“Look into my eyes, can't you see they're open wide. Would I lie to you baby, would I lie to you?” Charles And Eddie
Splendide mendax as I’m sure you’re aware, means nobly untruthful or untrue for a specific purpose. It’s the academic equivalent of the white lie and it lends its name to a study which claims that the wine industry is telling porkies about alcohol levels on the label to improve sales. One of the more surprising findings is that higher-priced wines are less honest in their labelling than plonk.
Exploring the extent to which the alcohol content of wine has risen over time, the study, by Julian M. Alston and colleagues in the Journal of Wine Economics, finds that the average actual alcohol content of the 90,000-odd samples tested from the Liquor Board of Ontario was found to be 13.56 per cent as against an average reported alcohol content of 13.15 per cent: an average discrepancy of 0.42 percentage points.
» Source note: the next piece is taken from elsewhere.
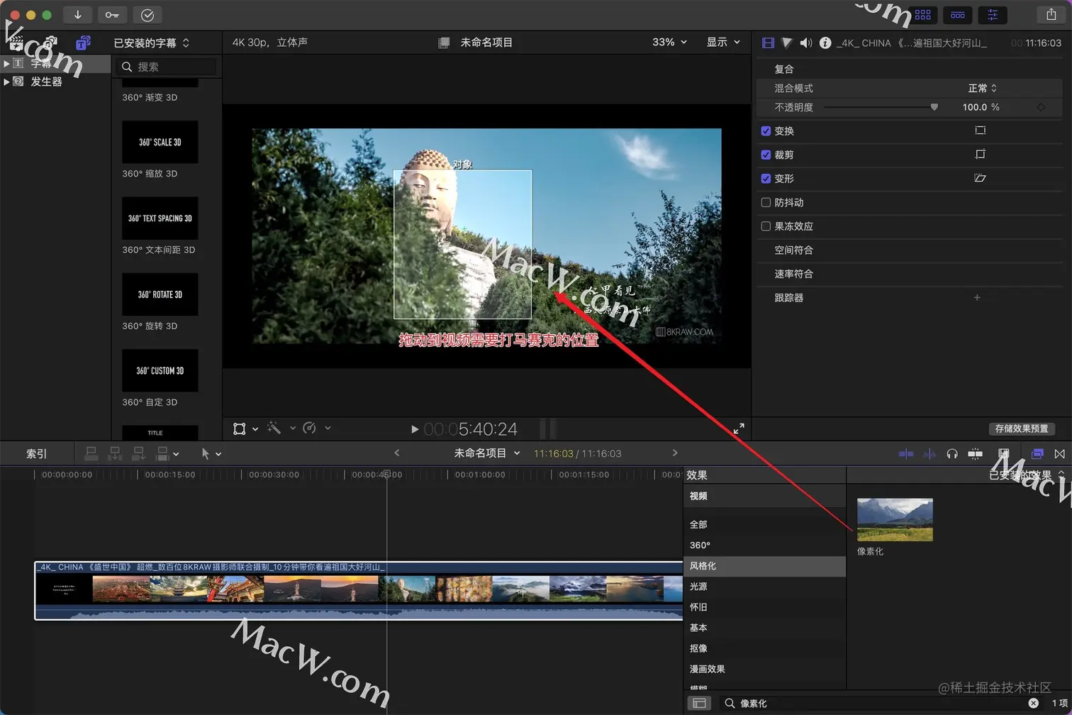 鼠标左键按住像素化拖动到上方视频需要添加马赛克的位置,如图

The survey is not new in telling us that alcohol levels have risen between one and two per cent over the past couple of decades, with the fastest growth in alcohol content coming from Australia and the United States. Of greater interest is the data on rising alcohol levels by country and region and the extent to which the report claims that each country is economical with the labelling truth (Germany is excluded). The sneakiest countries include Chile, Argentina, Spain, and the United States, while the frankest are Portugal and New Zealand.
If we accept, as Alston & Co claim, that rising alcohol levels are more to do with man-made factors than climate change, there are undoubtedly sound wine production-based reasons for this. I’m not talking about a Robert Parker-led conspiracy for fuller-bodied silkier reds so much as improved vineyard management and winemaking techniques aimed at fulfilling the winemaking Holy Grail of riper tannins and better flavours.
However, consumers happy to be getting more flavour in their wines are considerably less enamoured with the resulting higher alcohol. It creates a perception of wines that are unbalanced and lack that essential refreshment factor, and it raises concerns over health and legal driving limits. This fear of rising alcohol levels has led to a volte face by consumers looking increasingly for refreshment and balance in their wines and for that reason alcohol labelling is one of the big issues du jour.
Predictably, the wine industry has hit back, saying that this is a non-story because it’s legal to put a lower alcohol declaration on the label if it’s within the tolerance level permitted by the relevant country. In the EU the tolerance level is 0.5 per cent in either direction for table wines while it varies in other countries. The US for instance permits one per cent on wines over 14 per cent alcohol, and 1.5 per cent on wines under 14 percent; Australia and New Zealand allow 1.5 per cent.
To try to sweep the report's claims under the carpet rather misses the point. The report is not just about rising alcohol levels or even labelling misinformation, but rather, it’s about motive. Alston & Co. claim that to deal with the consumer backlash against higher alcohol levels, the wine industry is deliberately misleading us by understating alcohol levels on the label both for marketing and tax purposes. If it’s true that we choose to pay winemakers to lie to us, as they claim, then we ought, at the very least, to be aware of it.